Work instruction | Quote the entries in full, character for character, without their images.
BEGIN Data for this exercise
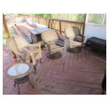 2 fridges, upright freezer, Duncan Phyfe dining chairs, wood file cabinets, antique 3 tier table, vinyl wicker patio set with settee, 4 chairs, tables, gas fire pit, oak curved class curio cabinet, curio cabinet, craft desk, Chippendale syle bench,
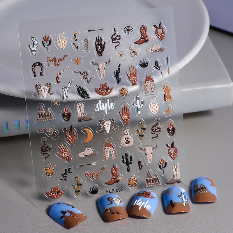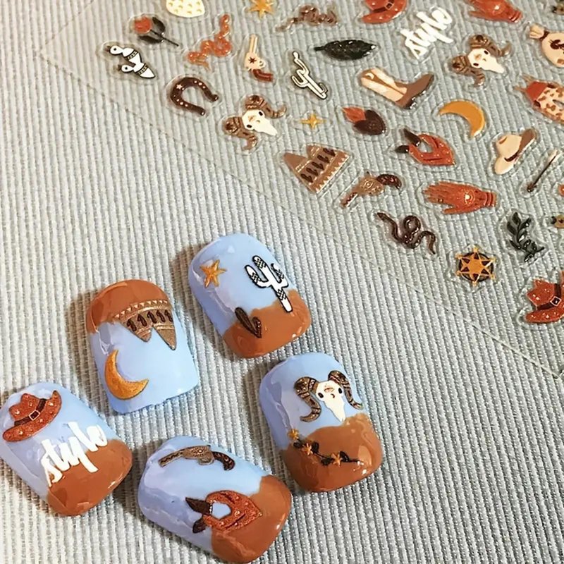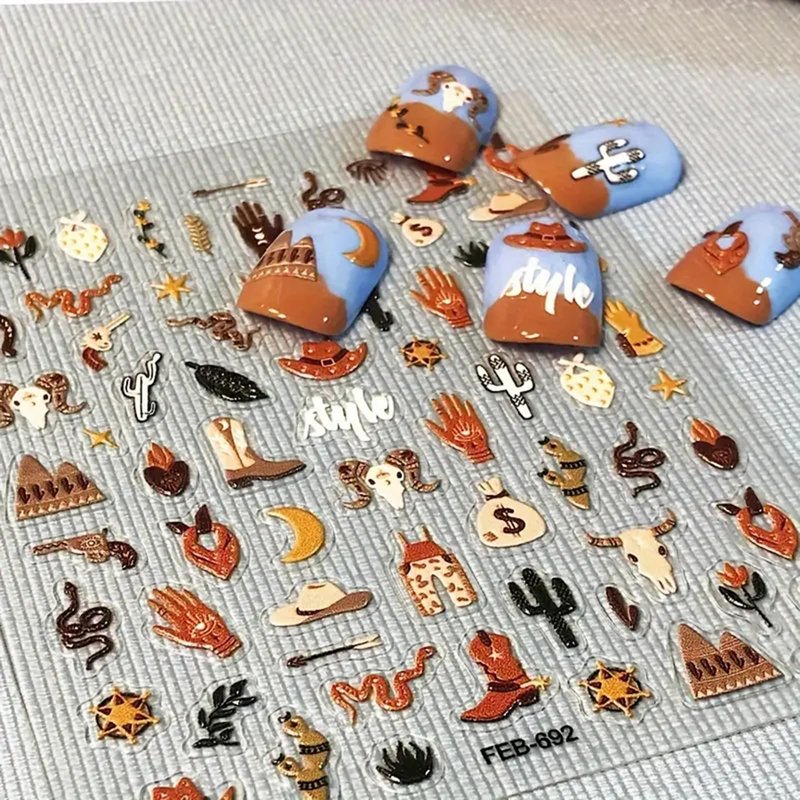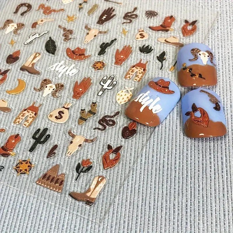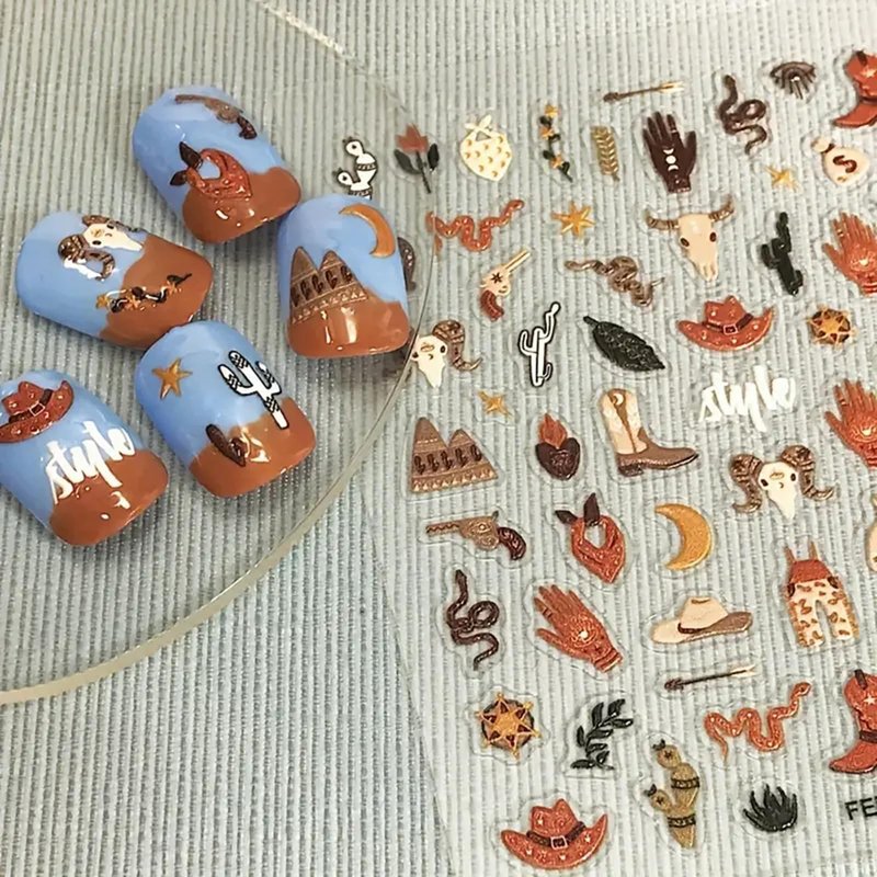 Cute Nail Art Stickers Exotic Nail Decals 5D Adhesive Nail Supplies Snake Cowboy Clothing Cow Money Bag Bohemian Style Design Cowboy Desert Cactus Nail Stickers for Women Girls Nail Art Decoration
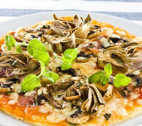 Na ciasto wykładamy ser, a następnie warzywa, posypujemy startym parmezanem na wierzch układamy szynkę. Pieczemy w 210 stopniach C na najniższym poziomie przez 15 minut. Wierzch upieczonej pizzy obficie posypujemy rukolą.
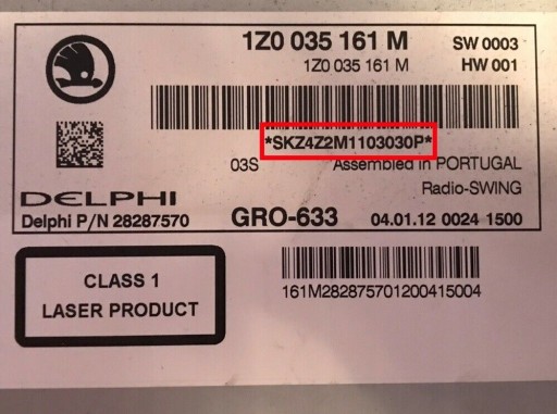 - Radio Skoda na przykład: SKZ1Z2H7986926, SKZ1Z7G5874125, SKZ6Z7H5785214
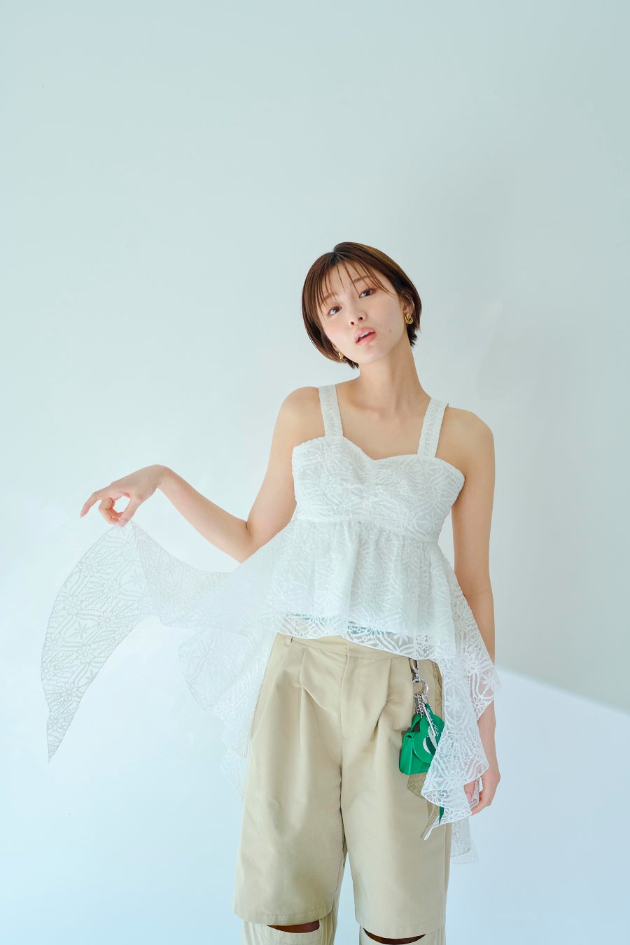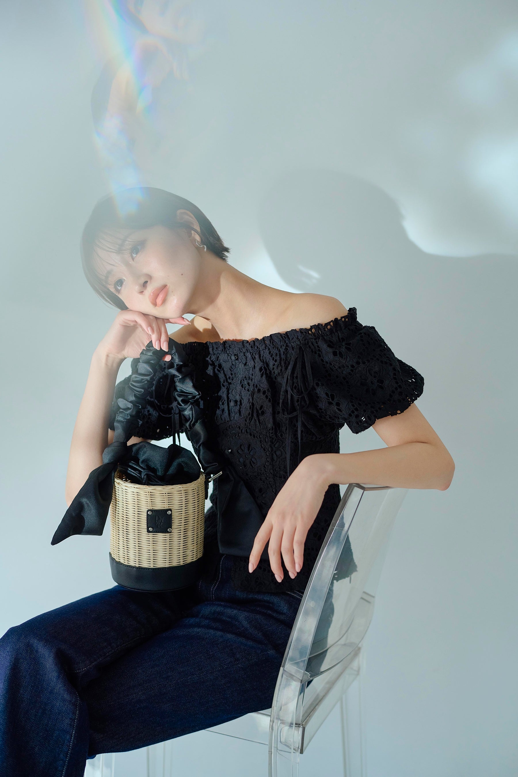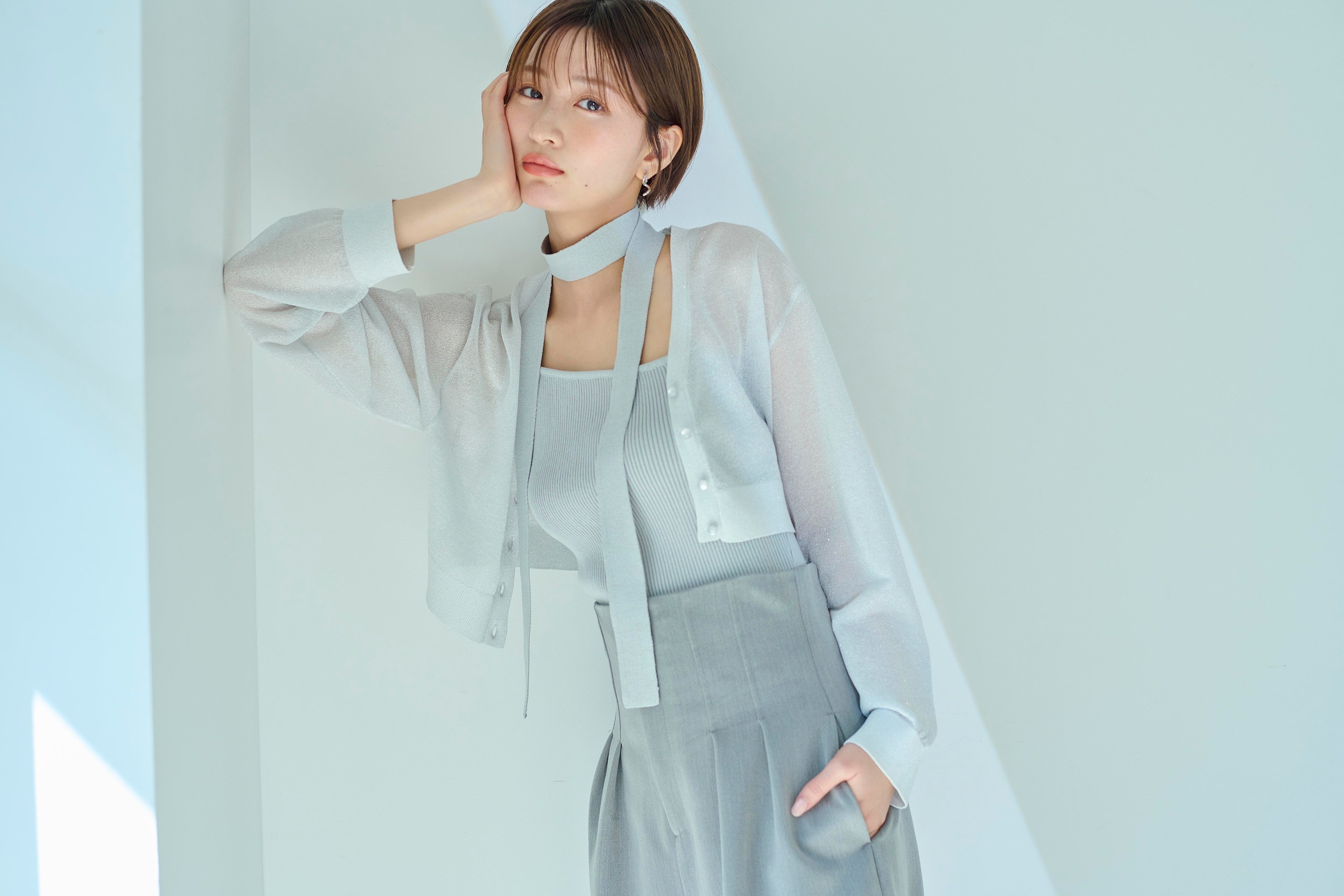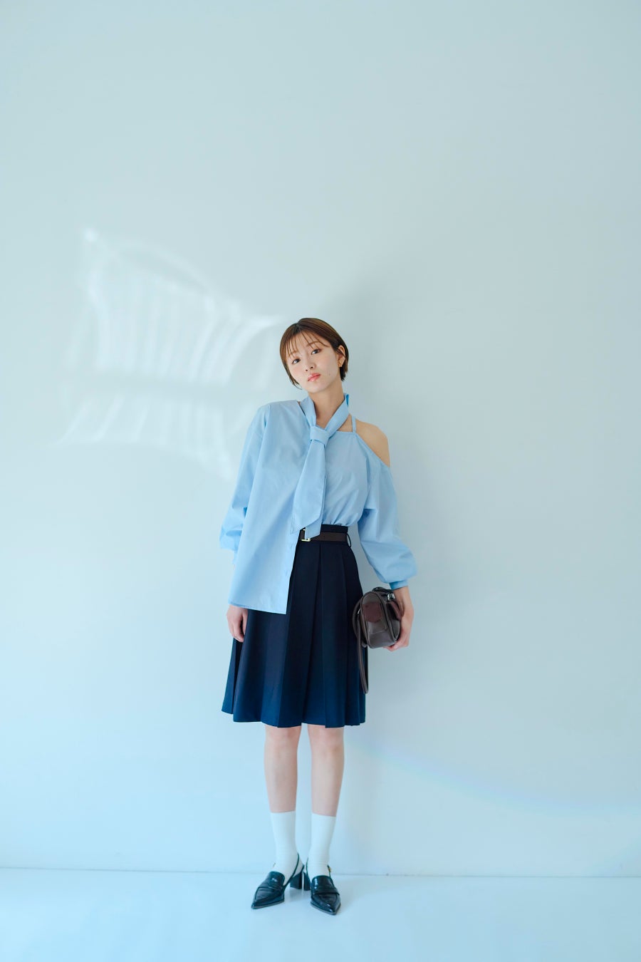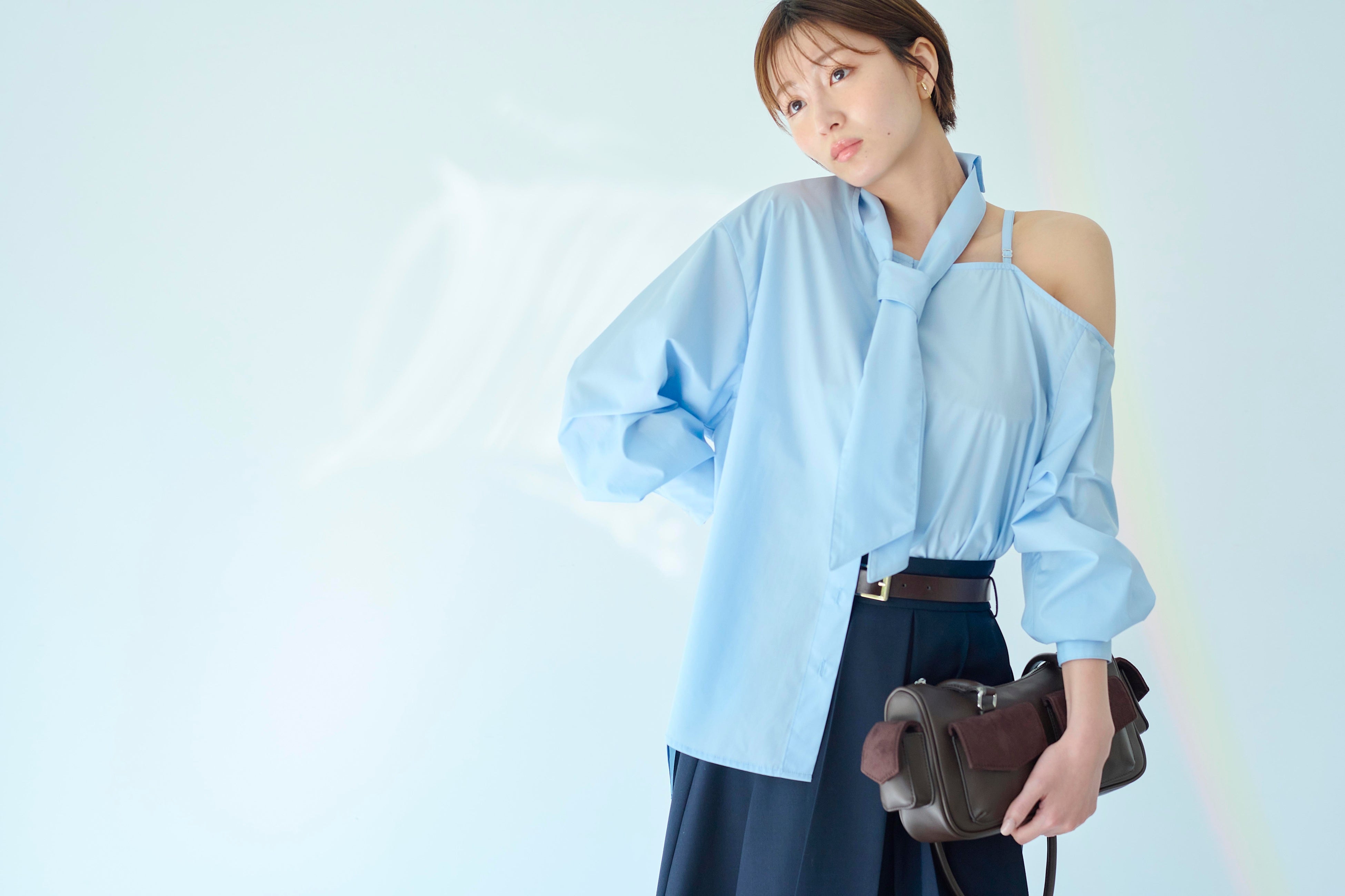 今回のWEBマガジンでは、ネクタイモチーフにフェミニンな肌見せをプラスしたデザインシャツや、スクールライクなデザインのミディ丈スカートのコーディネート、大胆なフリルでレースを表現したブラウス×カットアウトパンツのヘルシーコーディネートなど、全5種類のスタイリングを着こなしています。
END Data for this exercise
Solution to the exercise |
 2 fridges, upright freezer, Duncan Phyfe dining chairs, wood file cabinets, antique 3 tier table, vinyl wicker patio set with settee, 4 chairs, tables, gas fire pit, oak curved class curio cabinet, curio cabinet, craft desk, Chippendale syle bench,
 Cute Nail Art Stickers Exotic Nail Decals 5D Adhesive Nail Supplies Snake Cowboy Clothing Cow Money Bag Bohemian Style Design Cowboy Desert Cactus Nail Stickers for Women Girls Nail Art Decoration
 Na ciasto wykładamy ser, a następnie warzywa, posypujemy startym parmezanem na wierzch układamy szynkę. Pieczemy w 210 stopniach C na najniższym poziomie przez 15 minut. Wierzch upieczonej pizzy obficie posypujemy rukolą.
 - Radio Skoda na przykład: SKZ1Z2H7986926, SKZ1Z7G5874125, SKZ6Z7H5785214
 今回のWEBマガジンでは、ネクタイモチーフにフェミニンな肌見せをプラスしたデザインシャツや、スクールライクなデザインのミディ丈スカートのコーディネート、大胆なフリルでレースを表現したブラウス×カットアウトパンツのヘルシーコーディネートなど、全5種類のスタイリングを着こなしています。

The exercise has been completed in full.